One thing that seems to get missed that is a major need for namespaces is to allow entities to be able to run internal package repositories. Without some method for the companies to set up a company namespace there is no way to prevent conflicts between company internal packages and those on the public python repositories.

Simple Example, say there is a large company called largeco that has internal packages under the largeco package namespace.

So they create a package like largeco.coolutils and they have a ton of internal packages that use that package as a dependency.

Then at some point someone creates a totally different package called largeco.coolutils and publishes it to the public repositories.

This breaks all of largeco’s internal packages that use the largeco namespace. Of course if the public package is malicious it could do other things. Many of which could be serious security related issues.

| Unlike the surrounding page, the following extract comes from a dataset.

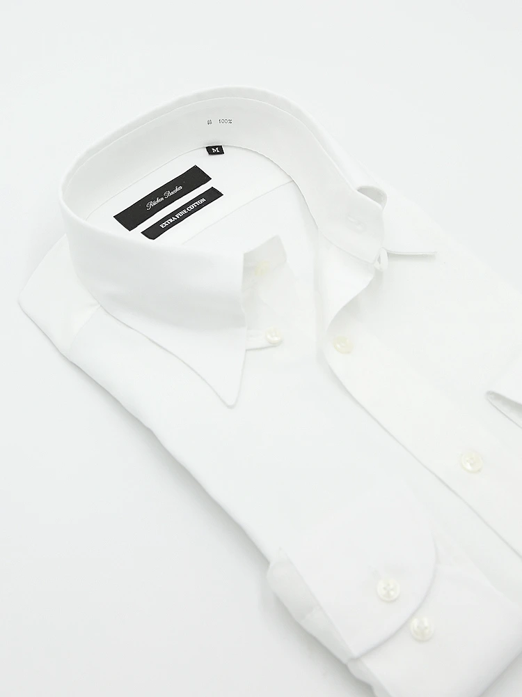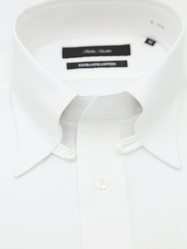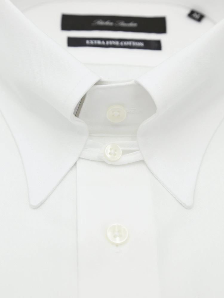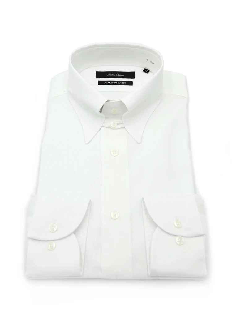 【綿100%】長袖ワイシャツ タブカラー 無地 リッケンバッカー 通年(ホワイト)

So namespaces aren’t only about knowing the package source but also about being able to prevent package conflicts.

2 Likes

This would also provide a solution to people raising issues like pypa/pip#3454 and pypa/pipenv#2159, where the fundamental problem is pip does not have a way to prefer a package source.

The problem IMO, however, is how to work out a balanced policy. The general criteria mentioned above (can manually apply if the entity has a significant number of packages) is likely not useful to companies wanting to reserve name for internal packages, but a liberal approach (e.g. allow reservation of <name>-* if the entity owns <name> package and/or username) would be very vulnarable to name-squatting. Maybe some compromise would be possible? Say, automatically reserve <name>-internal-* for the owners of package <name>.

I’ve propose something similar ~1 years ago on pypa/warehouse, for more informations see my discussion and ideas here (a sort of idea draft)

So it sounds like we’ve identified three potential use cases for namespaces so far:

  1. Expanding the space of available package names to reduce conflicts and make it possible to publish forked packages without renaming everything.

    • Comment: IMO this doesn’t seem very promising right now, because we don’t have good ways to manage the resulting conflicts at the Python import level. Maybe it’s worth revisiting after we have a robust resolver and Conflicts metadata?
  2. Accurately signaling the origin of public packages. For example, if a package is called largeco-blah, end users might appreciate knowing whether the package is maintained by LargeCo Inc. or not.

    • Comment: this is essentially the same issue that classic trademark is trying to address – giving people accurate information about what they’re getting. We already have some relevant policies here – in particular, PEP 541 has mechanisms for handling trademark disputes – but they’re fairly ad hoc; this would be systematizing them. Some challenges include: how do we handle the tension between names that designate origin vs names that describe usage (e.g. pygithub is a package for working with github, so it’s an accurate descriptive usage, but it’s not maintained by GitHub Inc.)? How do we effectively communicate the difference to users? If PyPI is going to be in the business of promising to users that azure-storage comes from Microsoft, then how do the PyPI administrators figure out that they’re actually talking to Microsoft and not some scammer? (This is basically the same problem as Certificate Authorities have to solve, and it’s highly non-trivial.)
  3. Reserving portions of the namespace for private usage. Lots of organizations have internal packages; they definitely don’t want to accidentally get a public package that happens to use the same name, and they would prefer that no such public package exist (since it’s awkward to have unrelated packages where you can’t install both of them at the same time, and maybe their package will become public later).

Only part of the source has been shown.